And the country shrugs. Van Alstine described spending years curled on a couch, nauseated, in agony, isolated, and pushed past endurance. The disease is brutal, but treatable a surgery here, a specialist there. The kind of medical intervention that in a functional system wouldn’t even make the news.

But in Saskatchewan? There are no endocrinologists accepting new patients. Without one, she can’t get referred. Without a referral, she can’t get surgery. Without surgery, she loses her life either slowly through suffering, or quickly through state-sanctioned death.

If you’ve ever lived through pain that warps time…
If you’ve ever had your mind hijacked by trauma…
If you’ve ever stared down suffering with no end in sight…

You know how thin the line can get between endurance and surrender.

And that’s why this story hits differently: it reveals how fragile people become when the system meant to protect them becomes an accomplice in their despair.

Canada frames MAiD as empowerment. As compassion. As choice.

But choice is only real when the alternatives are viable.
If your options are slow agony or assisted death, that’s not autonomy it’s coercion with a friendly tone.

Disability advocates, chronic-pain patients, the elderly, and low-income Canadians have been sounding the alarm for years: MAiD is expanding faster than support systems can catch up. Every expansion widens the chasm between the rhetoric of compassion and the lived experience of those who actually need help.

The Canadian Human Rights Commission itself warned that MAiD is being accessed because people cannot get the services required to live with dignity. And dignity matters. Anyone who has lived on the edge knows this: humans don’t just need survival, we need a reason to keep surviving.

When the healthcare system withholds that, death can look like mercy. This is the part polite society doesn’t want to confront.

Canada’s healthcare system is collapsing. Not strained. Not overburdened.
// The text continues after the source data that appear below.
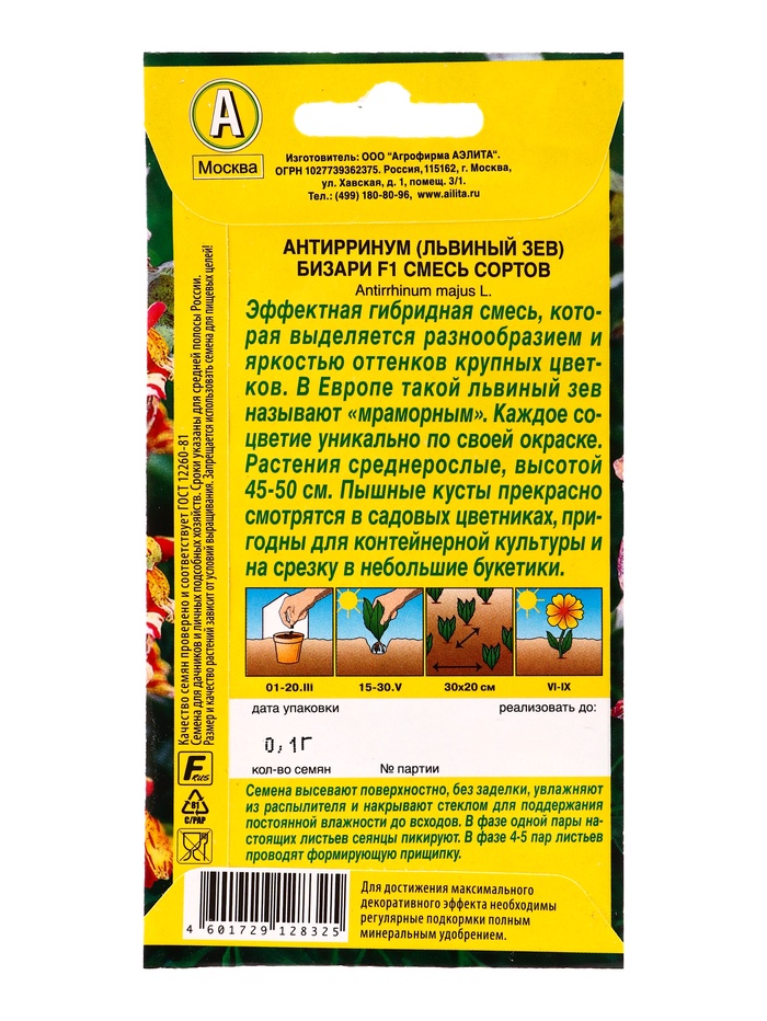Семена цветов Львиный зев Бизари F1, смесь сортов , Ц/П,0,1 г
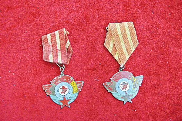 湖南革命军事馆工作人员在对征集来的文物进行鉴选时,发现从湖南省军区第二离职干部休养所岳阳服务站老人高英芬家中征集来的一组12枚勋章中,有两枚一模一样的铜制解放东北纪念章。
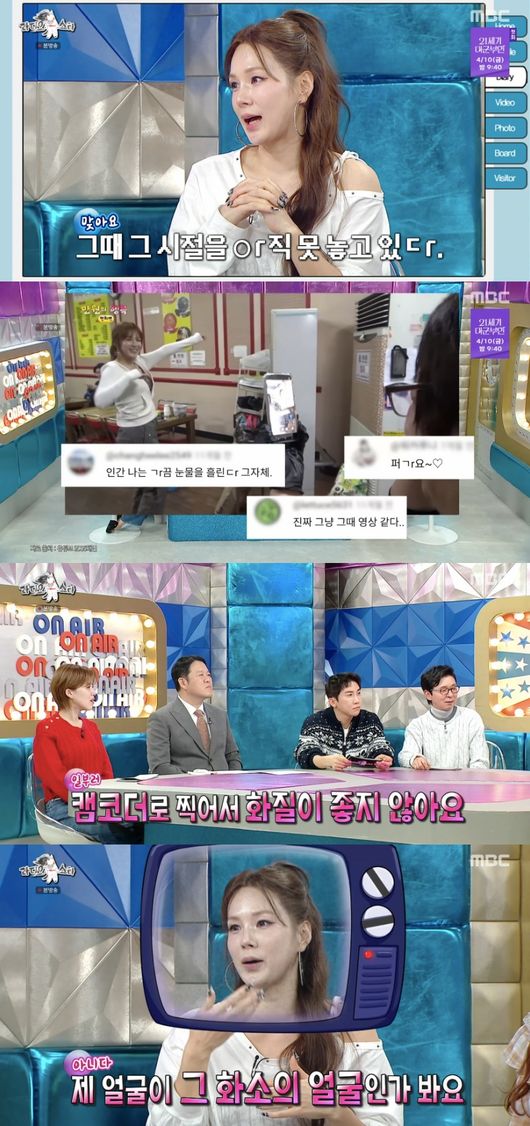 유세윤은 “영상 편집도 그런데 워낙 너무 그대로다”라며 변함없는 미모에 감탄했다. 채연은 “캠코더로 찍어서 화질이 좋지 않다. 제 얼굴이 그 화소의 얼굴인것 같다. 고화질 안 맞는다”라고 너스레를 떨었다.
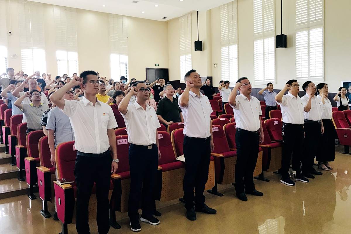 “我志愿加入中国共产党,拥护党的纲领,遵守党的章程……”会前,与会党员教师集体宣誓,重温入党初心。
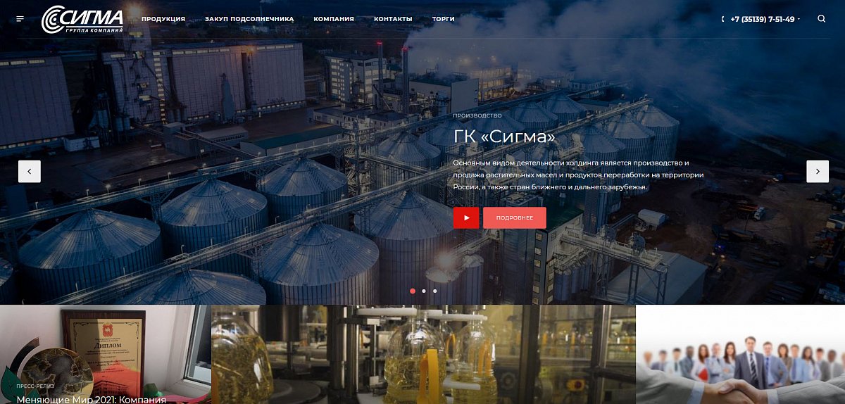 Сайт обогащен галереей производственных объектов, которая включает в себя как фото, так и видео материалы.

Collapsing.

We have a growing list of citizens choosing death because medicine has become a lottery →
• a quadriplegic woman who applied for MAiD because she couldn’t secure basic home-care support
• veterans offered MAiD instead of trauma treatment
• homeless Canadians considering MAiD because they can’t survive winter

And now a woman denied a simple, lifesaving surgery.
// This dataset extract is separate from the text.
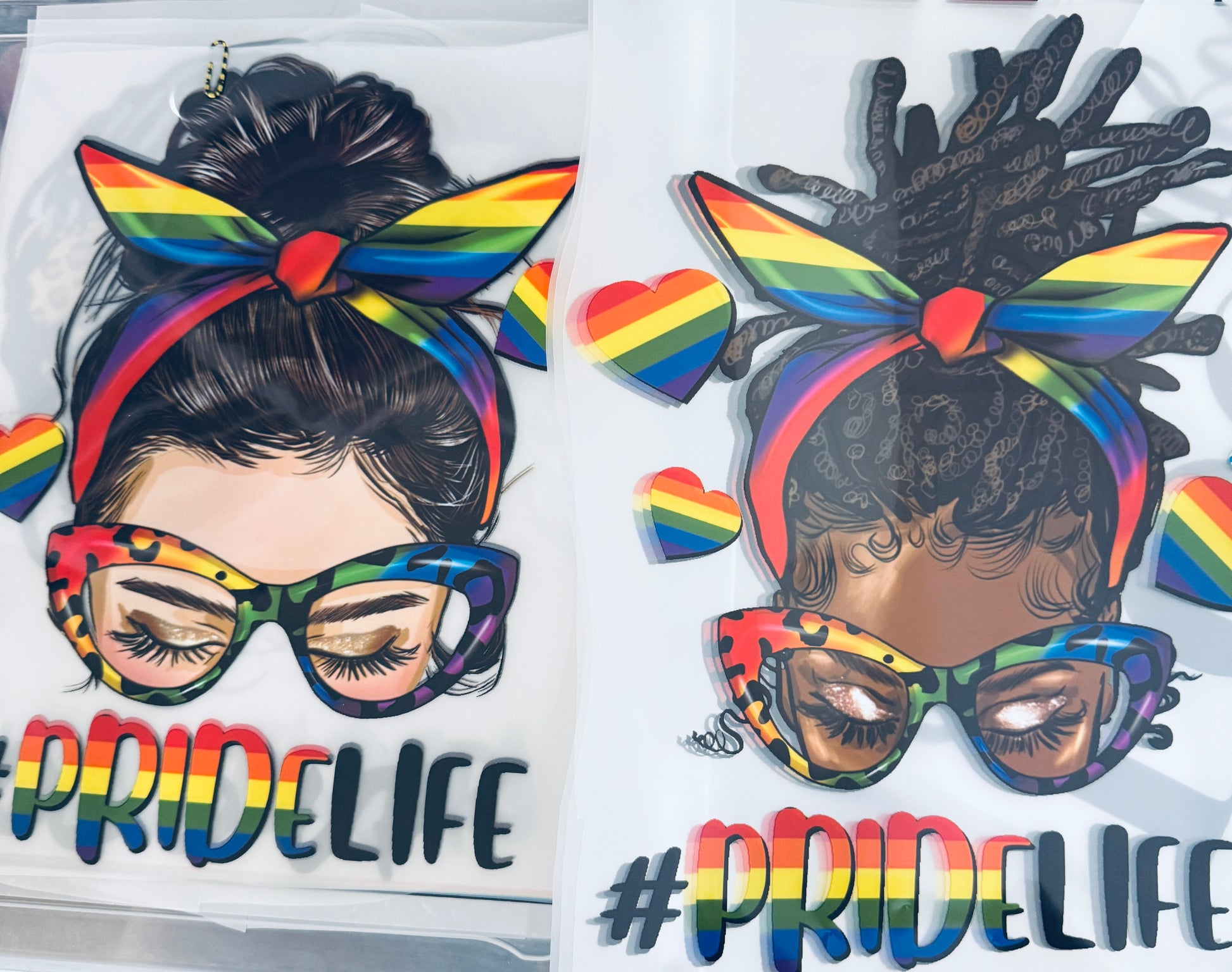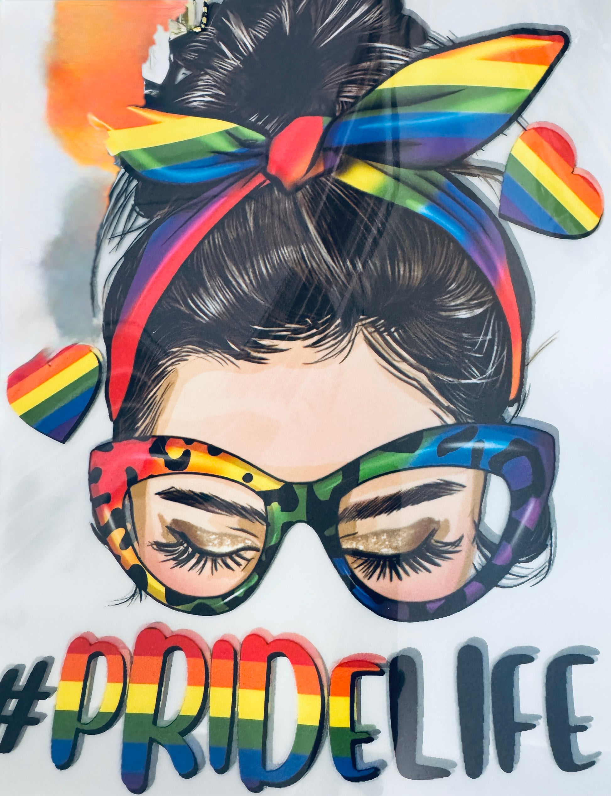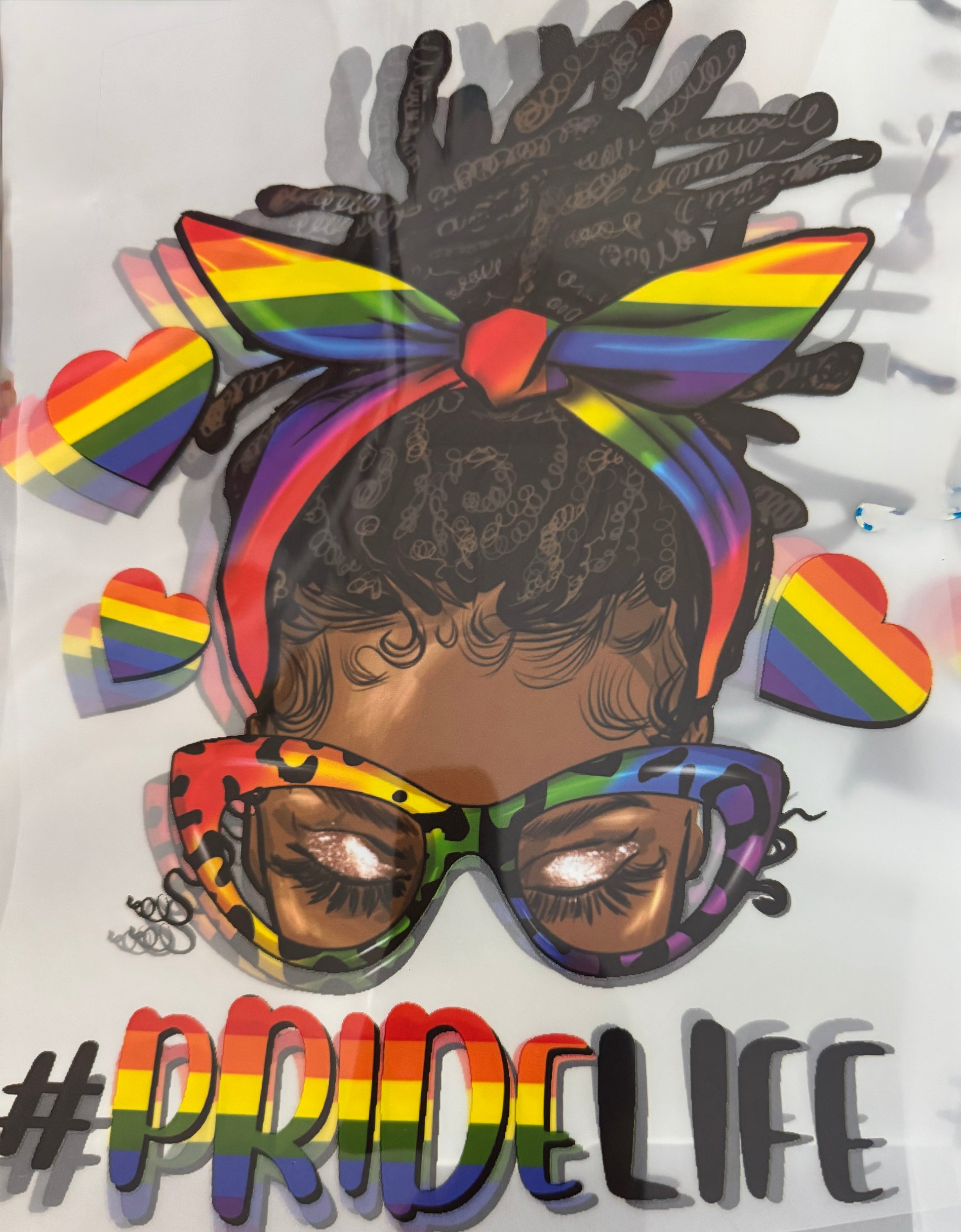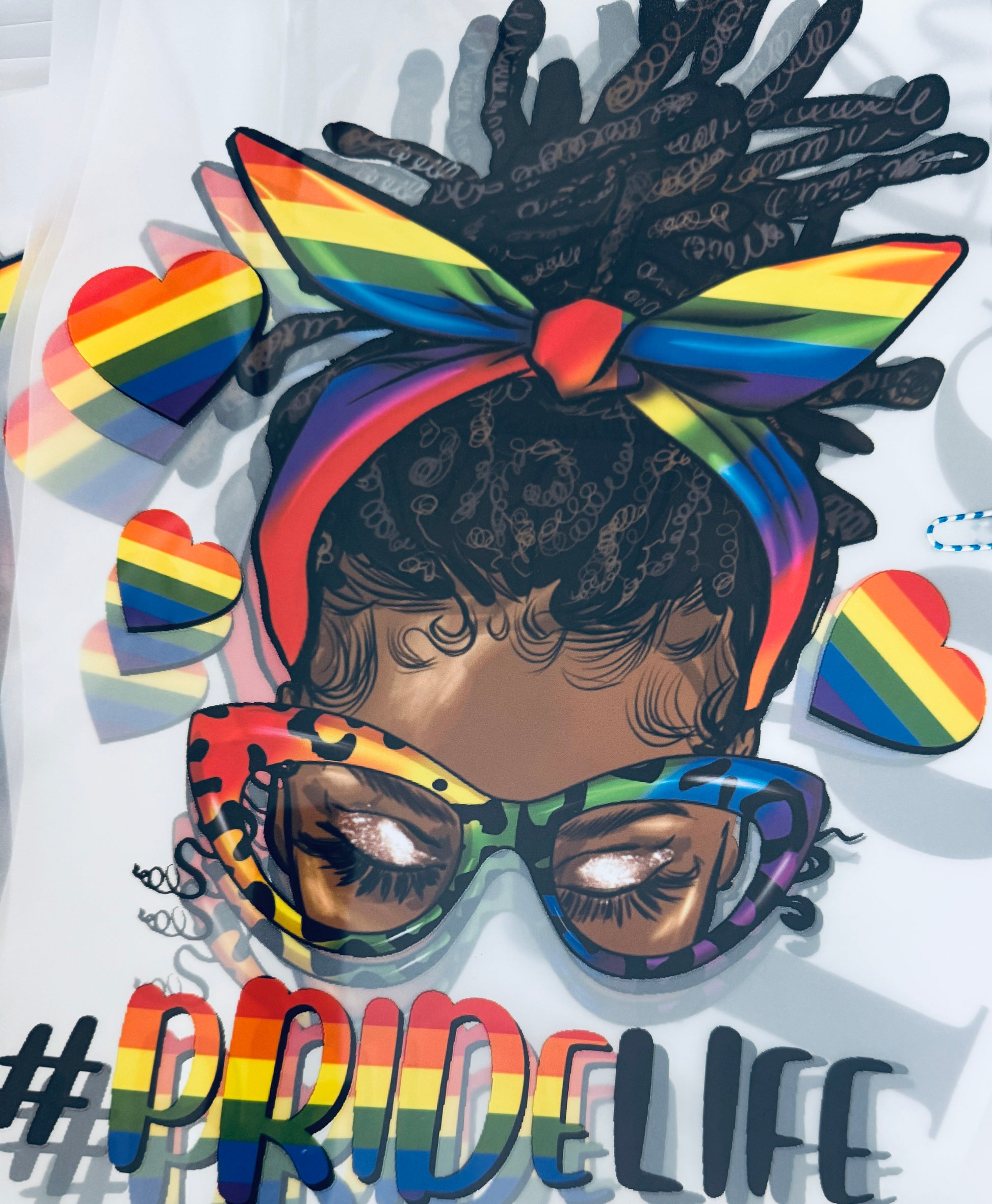 Celebrate Pride with power and style. This eye-catching tee features a beautiful Black woman rocking locs, a vibrant Pride-colored bandana, and matching rainbow-tinted glasses. She’s not just part of the movement—she is the moment. This shirt is a tribute to self-expression, intersectional pride, and unapologetic beauty.

At some point, we have to call this what it is: a nation outsourcing its failures to death. I’ve sat with veterans who couldn’t find themselves inside their own minds after war. I’ve watched people suffer silently because bureaucracy didn’t move fast enough to keep up with their pain.

I’ve coached clients who were one dropped ball, one missed appointment, one shut door away from losing the will to fight.

The lesson is the same every time. People don’t break because they’re weak. People break because they’re left alone with their suffering.

Van Alstine wasn’t offered community.
She wasn’t offered care.
She was offered an exit.

And she took it.

Not because she wanted to die but because Canada didn’t give her any path to live.

We need to stop pretending this is compassionate. Compassion is presence. Compassion is support. Compassion is a surgeon who actually exists, a referral that actually happens, a system that catches someone before they fall into the dark.

If MAiD is going to exist, it must be the last, quiet, grave option not the discounted aisle Canada sends you to when the cost of real care is too high.

A society reveals its soul by how it treats the people who can’t fight for themselves.
Right now, Canada is revealing something hollow.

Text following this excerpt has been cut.